Size Estimation for Cost-based Query Optimization#

  • Databases use cost based optimization to find the lowest cost query plan, before the query is executed.

  • To be able to estimate the cost of query plans, we need to know:

    • Cardinality estimation: How many tuples we expect as the output of joins and selections.

    • Estimation theory is complex, but each estimation is based on some underlying assumptions. We will only give the basic ideas of estimation here to give an idea of how cardinality estimation works.

    • Space estimation: The size of the tuples on disk to estimate how many disk pages are needed to store them.

      Space estimation is easy since we know schema and the size of each attribute. We will disregard this for now.

Database Statistics#

  • Databases keep statistics for each tables which need to be updated periodically to be useful.

  • The more statistics you keep, better the size estimation. However, cost of updating them goes up.

  • Depending on the DBMS (and its specific version), different statistics are kept. These statistics may not be automatically updated.

  • Statistics can be updated using the Analyze command in SQL. (The command may vary from DBMS to DBMS).

  • Simplest statistics:

    • TUPLES(R ): the number of tuples in R

    • PAGES(R ): the number of pages R spans

    • N_DISTINCT(R.A): the number of distinct values stored for R.A

    • MINVAL(R.A)/MAXVAL(R.A): min/max values stored for R.A

  • You can query these statistics also using Postgresql system tables.

    select
       relname
       , relpages
       , reltuples
    from
       pg_class pc
       , pg_user pu
    where
       pu.usename=user
       and pc.relowner = pu.usesysid ;
    
    
    select
       attname
       , inherited
       , n_distinct
       , histogram_bounds
       , array_to_string(most_common_vals, E'\n') as most_common_vals
    from
       pg_stats
    where
       tablename = 'park_hours';
    

Cardinality estimation#

  • For any condition Cond, we can estimate its selectivity, which is the the percentage of tuples that will satisfy Cond, given by **sel(Cond).

    • The more selective conditions have lower selectivity values. (i.e. 0.01 is more selective than 0.1).

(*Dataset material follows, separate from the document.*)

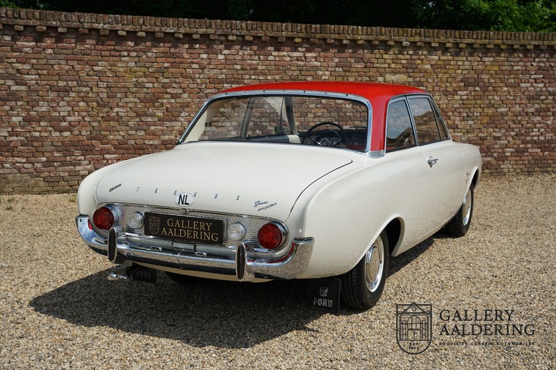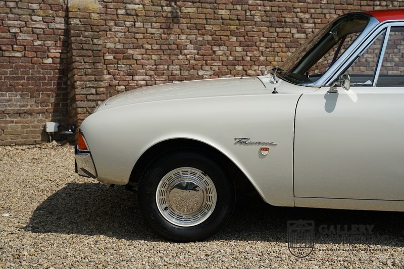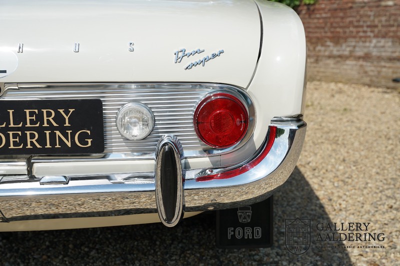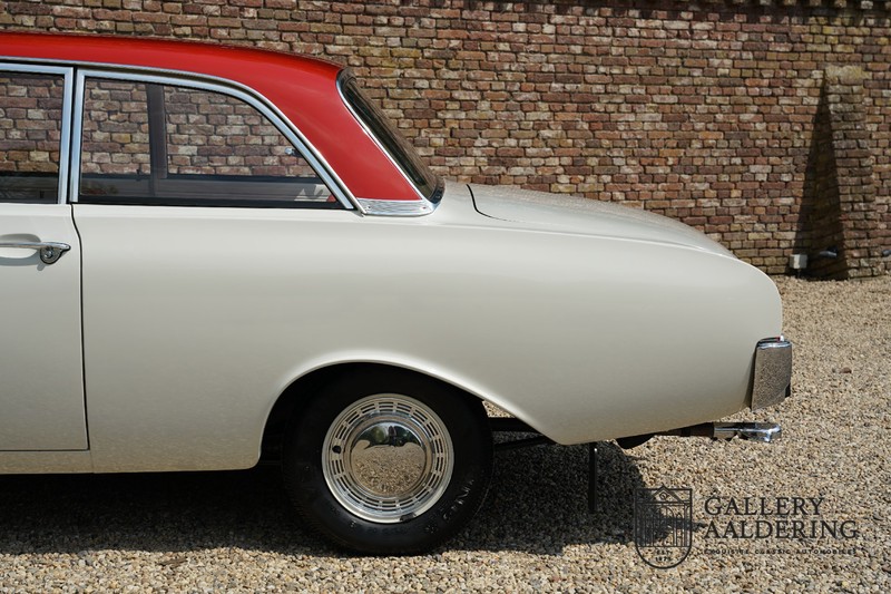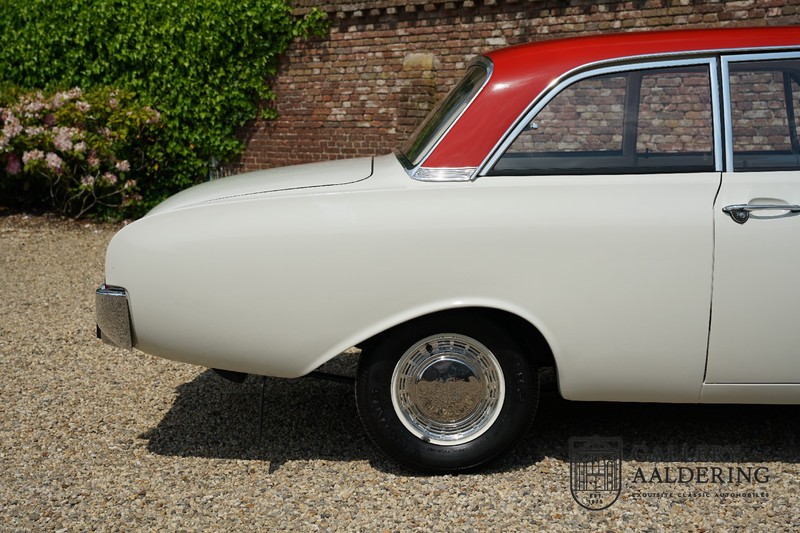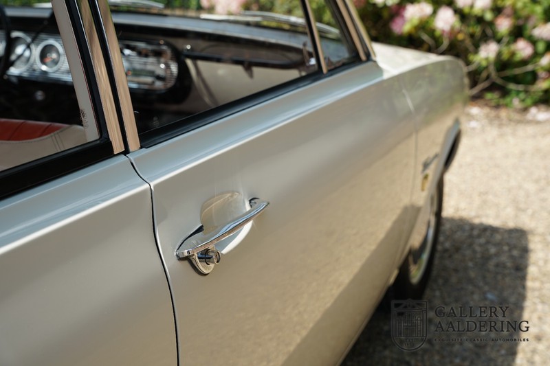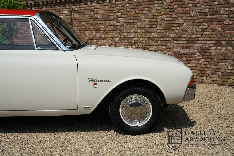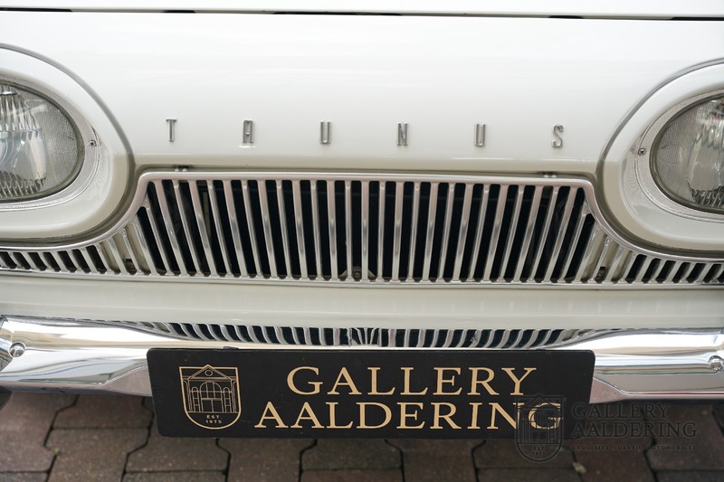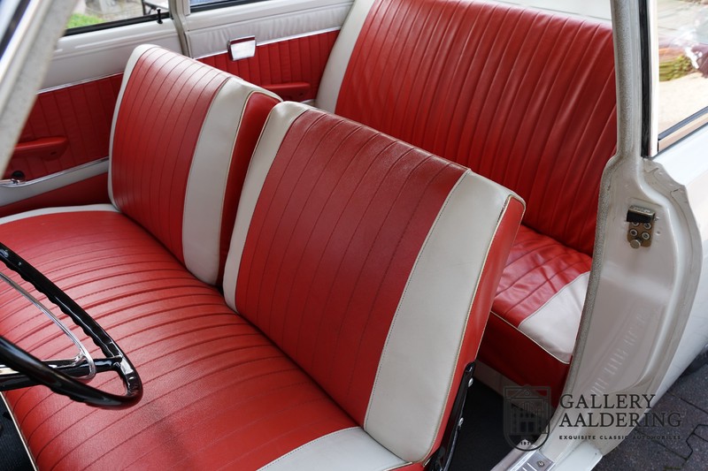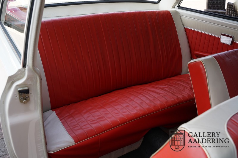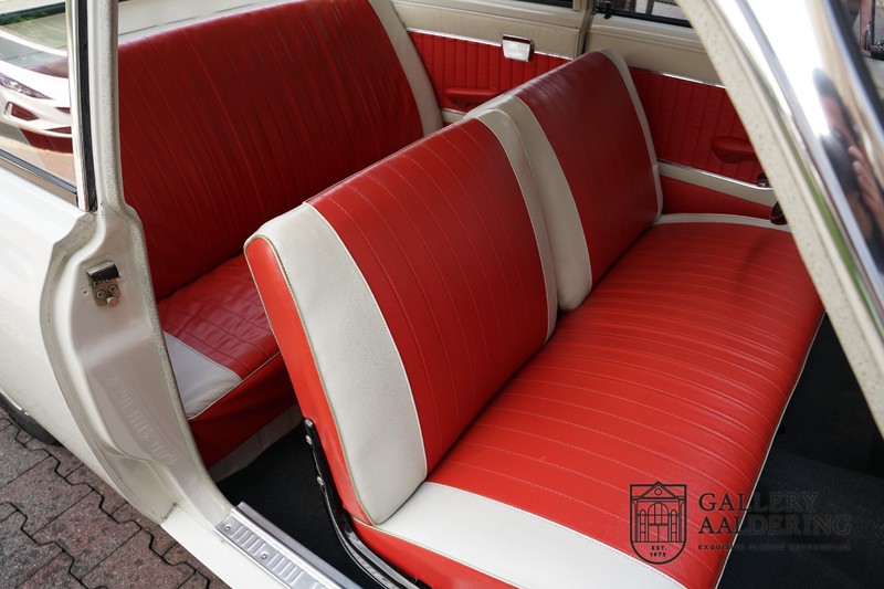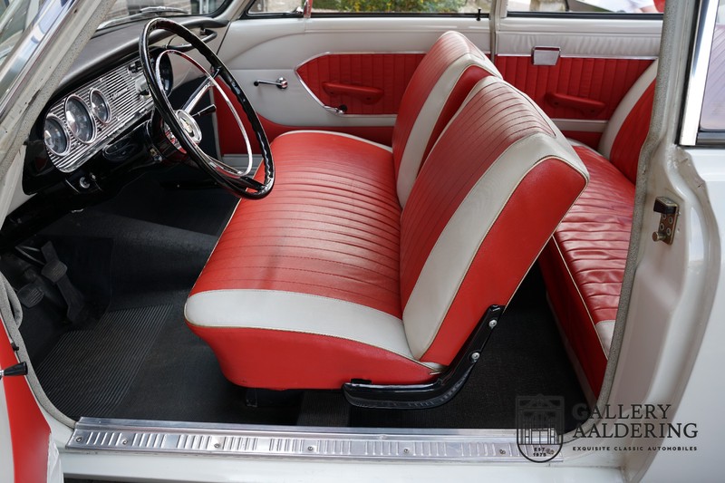 Dieser sehr originale Ford Taunus 17M Super wurde in dem Jahr 1963 neu geliefert in den Niederlanden. Das Interessante ist, dass das Fahrzeug noch vollkommen seinen Erstlack hat, es befindet sich noch komplett in einem sehr originalen Zustand. Wir sind uns ziemlich sicher, dass die Laufleistung von nur 44.200 Km original ist. Die originale Karosserie hat dünnes Blech und korrekte Passungen. Das Auto hat eine typische zweifarbige Farbkombination aus den 60er Jahren, der originale Lack sieht übrigens noch immer wunderschön aus. Der Taunus hat seine originale Räder mit korrekten Reifen, auch das Interieur ist noch vollkommen original und befindet sich in einem sehr schönen Zustand. Beim Öffnen der Türen fällt sofort das sehr gut konservierte Interieur auf, die Instrumente und Bedienelemente sind ebenfalls original und funktionieren einwandfrei und das originale Blaupunkt Radio wurde ab Werk geliefert. Das zweifarbige Kunstleder passt gut zu der Außenseite des Fahrzeugs und befindet sich in einem makellosen Zustand. Das Gleiche gilt für den Teppich und den Dachhimmel.

  • The expected number of tuples, exp(X) in a relation X depends on the operations used to define X.

  • Size estimation for a selection condition:

    \[ X = \sigma_{Cond}\, R \]
    exp(X) = sel(Cond) * TUPLES(R )
    
  • Size estimation for a join (a selection over the Cartesian product):

    \[ Y = R \bowtie_{JCond} S \]
    exp(Y) = sel(JCond) * (TUPLES(R )*TUPLES(S))
    

Size estimation for equality conditions#

  • Given any equality condition on a constant, if we assume each constant is equally likely (uniform distribution), then we can use the following:

    sel(R.A=c) = 1/N_DISTINCT(R.A)
    
  • For example:

    sel(student.year='freshman') = 1/4
    

    Assuming 4 different years and equal number of students in each year.

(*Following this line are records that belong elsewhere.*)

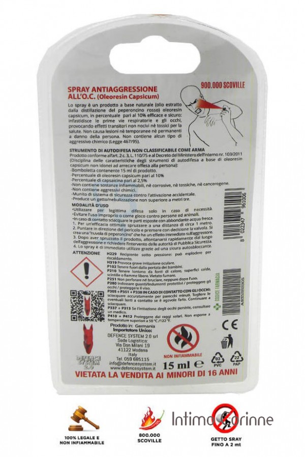 - Lo Spray al Peperoncino di Defence System è 100% Legale anche perchè Non è infiammabile!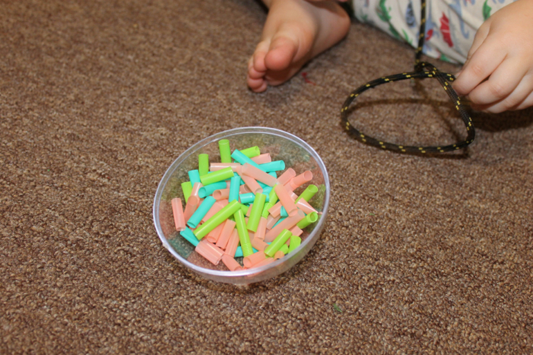 У запасливой хозяйки каких только вещиц в доме не найдется. С лето осталась огромная пачка соломинок, обрезали их на разные по размеру частички, вытащили из папиных ботинок шнурки и делали змеек.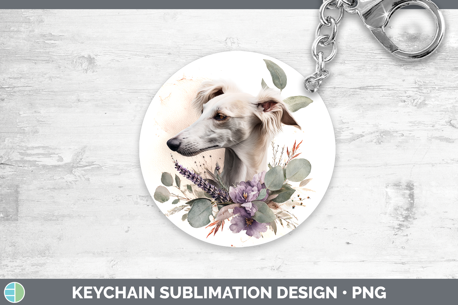 Saluki Dogs 05 Lavender and Eucalyptus Keychain Sublimation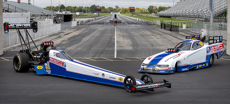 NHRA superstars Matt Hagan and Leah Pruett will help kick off the launch sequence for two new performance-based Dodge programs by carrying special “Direct Connection” graphics on their respective race cars, beginning with today’s qualifying sessions at the Dodge//SRT NHRA Nationals Presented by Pennzoil.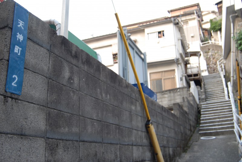 近くの子どもたちに道に聞いたら「こっちがわかりやすい」とこたえてくれました。道に慣れていない方は天神一丁目の「浦上街道」と掲げられた誘導版のある細道から入っていって下さい。ちなみにここからは車は通れません。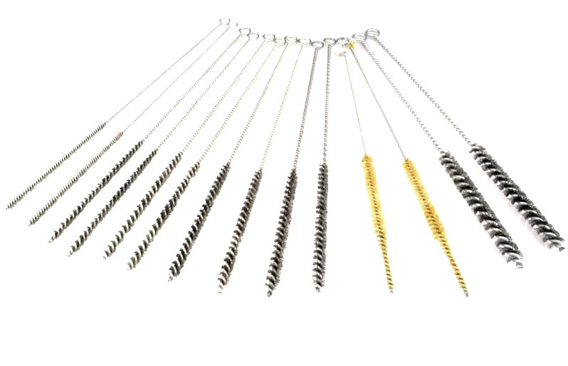 Izzító gyertya furat és porlasztó fészek tisztítására szolgáló különböző méretű acél szálú tisztító drót kefék.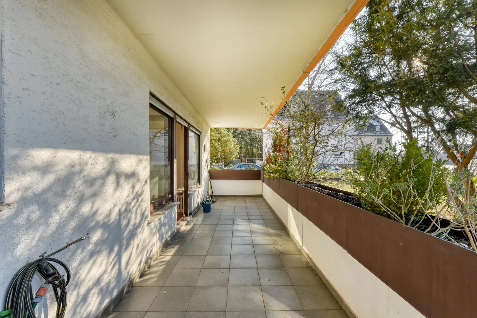 Diese gemütliche 4-Zimmer-Wohnung mit Balkon befindet sich im Erdgeschoss einer 5-Familien-Doppelhaushälfte.
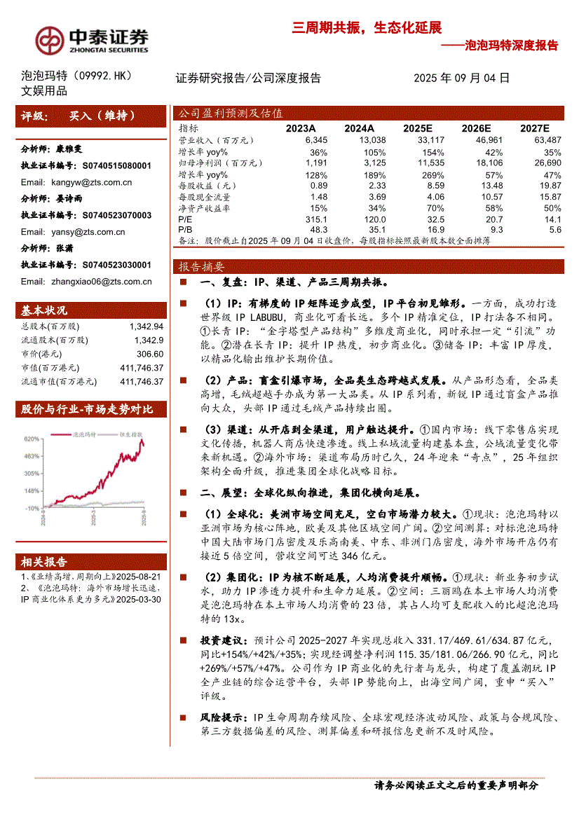 泡泡玛特:中泰证券-泡泡玛特-9992.HK-深度报告:三周期共振,生态化延展-250904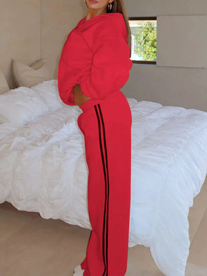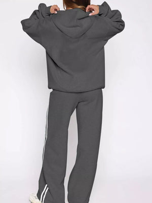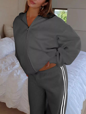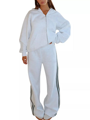 Zip Up Hoodie and Striped Pants Set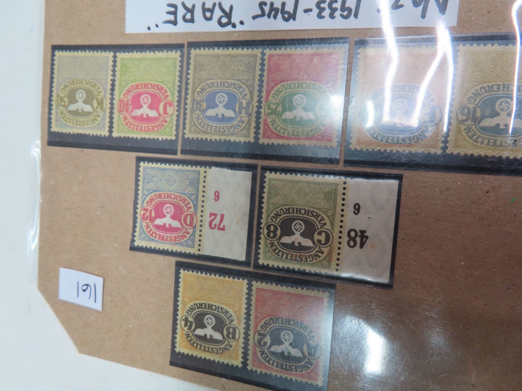 Rare Nazi employee insurance revenue stamps 1933-45 swastika-eagle emblem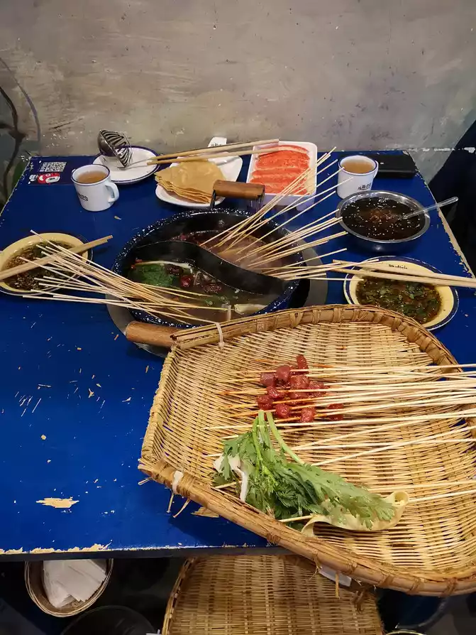 After a day's journey, arrive at the hotel near Tianfu Square in the evening. Every time I come to Chengdu, I have to go to eat skewer hot pot, and this time is no exception, after a short rest in the hotel, I came to the roadside skewer hot pot restaurant near the hotel to eat skewer hot pot.

    sel(student.major) = 1/N_DISTINCT(student.major)
    

    Assuming each major is equally likely: same number of students in each major.

  • Note that uniform distribution is generally not true. For example, there may be a few large majors in the university and a number of small ones.

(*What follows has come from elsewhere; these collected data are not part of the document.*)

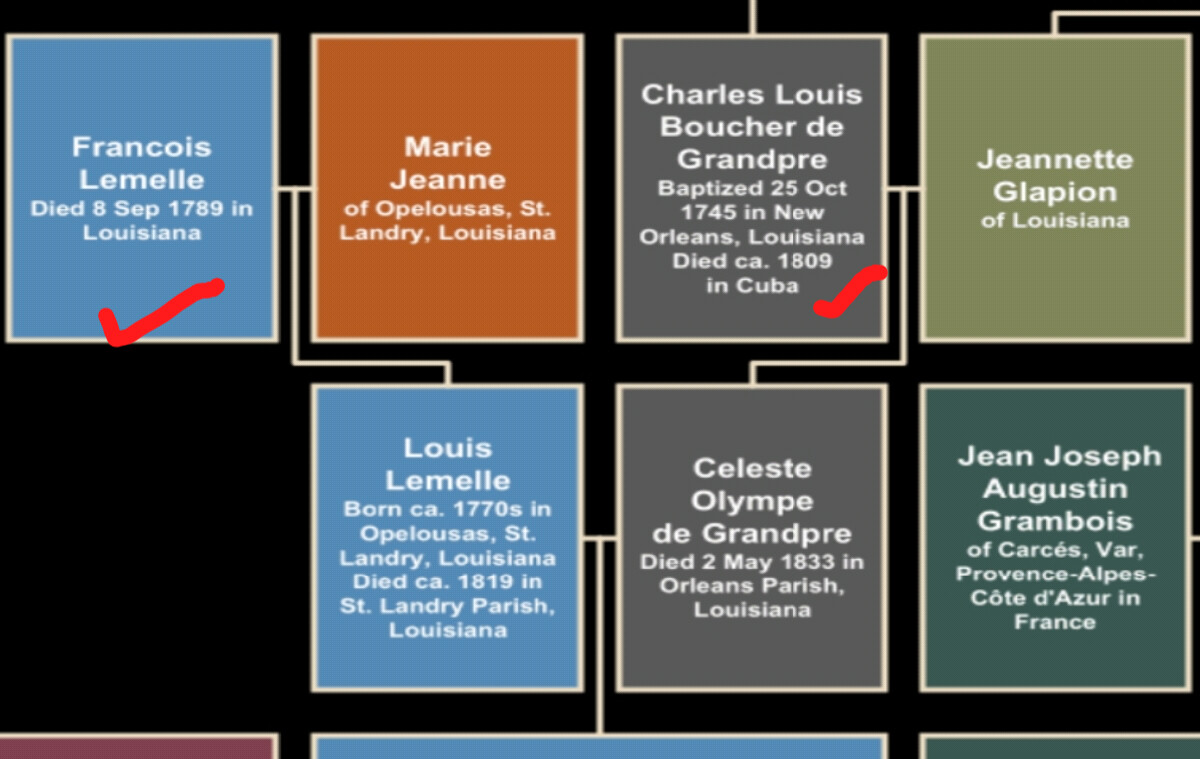 Su tatarabuelo, Carlos Louis Boucher de GrandPré (1745–1809), fue nombrado comandante del puesto militar de Pointe Coupée durante el periodo de dominio español, ejerciendo entre 1776 y 1781. No se trataba de un cargo menor: Pointe Coupée era un enclave estratégico en el control del río Misisipi y en la defensa del flanco occidental frente a los británicos.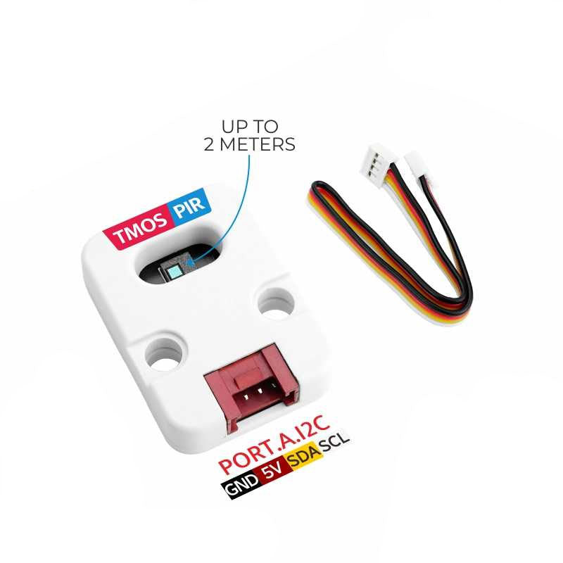 - TMOS PIR Unit is a high-sensitivity infrared sensor unit for presence and motion detection. It uses the STHS34PF80 chip solution. It communicates with M5 devices through I2C (default address: 0x5A). Its working principle is based on the black-body radiation principle described by Planck's law, which allows it to monitor ambient temperature and detect human presence and motion. The sensor can distinguish between stationary and moving objects and has an 80-degree field of view, providing a wide detection range. Additionally, it supports adjustable sampling frequency and gain modes to meet different application needs. It is suitable for applications such as alarm systems, smart lighting, and occupancy detection.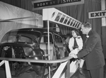 C. W. McClellanm supervisor-field representative for the Fisher Body Division of General Motors, shows cutaway body exhibit at General Motor's (GM) Motorama in Dallas to Deedra Kay Dodson, 8, of Sulphur Springs.

    • So, the sizes will be an underestimate for large majors and an overestimate for small majors. How important this is depends on the frequency and actual cost of queries involving these majors.

  • This is the best we can do with a single statistic. If not useful, we need better statistics.

Size estimation for joins#

  • Simple join conditions join across attributes from two tables.

    sel(R.A = S.B)
    

    You can look at this as one of two conditions:

    1. sel(R.A = c1) = 1/N_DISTINCT(R.A)
    2. sel(c2 = S.B) = 1/N_DISTINCT(S.B)
    

    Of these two, we want to choose the most selective one as the dominant selection condition.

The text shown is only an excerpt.